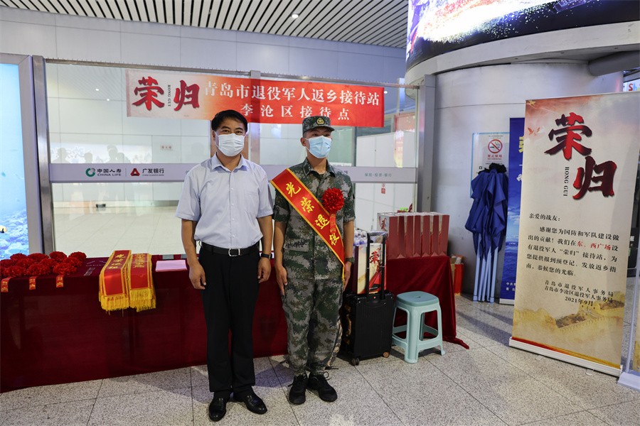 “你们辛苦了!欢迎返乡回家!”9月2日上午,青岛市退役军人事务局局长孙宗子来到青岛火车北站的“返乡接待站”,为光荣返乡、载誉而归的退役士兵戴上“荣归”红花,详细询问了士兵旅途、生活情况,鼓励他们秉承部队优良作风,继续在社会经济发展中贡献力量。
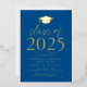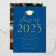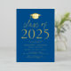 Invite guests to celebrate the grad with our modern class of 2025 graduation party invites. The invites feature a graduation cap at the top with "Class of 2025" displayed in gold foil lettering with a blue background. Personalize the invites by adding the graduate's name, school, and graduation party details. The gold foil graduation party invites reverse to display the graduate's photo.
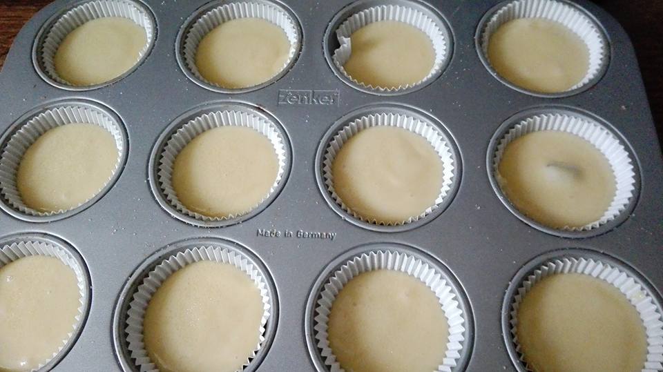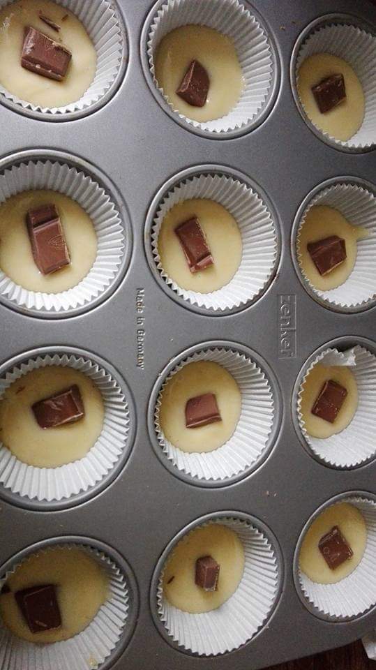 - Mientras se calienta el horno echamos un poco de la masa en cápsulas, le ponemos una onza de chocolate y vuelvo a echar un poco más de masa de magdalena dentro de un molde rígido para muffins. Rellena ¾ partes o un poco más de cada cápsula y espolvoreamos con azúcar la superficie de cada magdalena.

━━━━━━━━━━━━━━━━━━━━

> [Exercise aim] Starting at the top of the listing above, please restate word for word each line up to and including the one that holds "Invite guests to", omitting every image.

> [Result below]
 “你们辛苦了!欢迎返乡回家!”9月2日上午,青岛市退役军人事务局局长孙宗子来到青岛火车北站的“返乡接待站”,为光荣返乡、载誉而归的退役士兵戴上“荣归”红花,详细询问了士兵旅途、生活情况,鼓励他们秉承部队优良作风,继续在社会经济发展中贡献力量。
 Invite guests to celebrate the grad with our modern class of 2025 graduation party invites. The invites feature a graduation cap at the top with "Class of 2025" displayed in gold foil lettering with a blue background. Personalize the invites by adding the graduate's name, school, and graduation party details. The gold foil graduation party invites reverse to display the graduate's photo.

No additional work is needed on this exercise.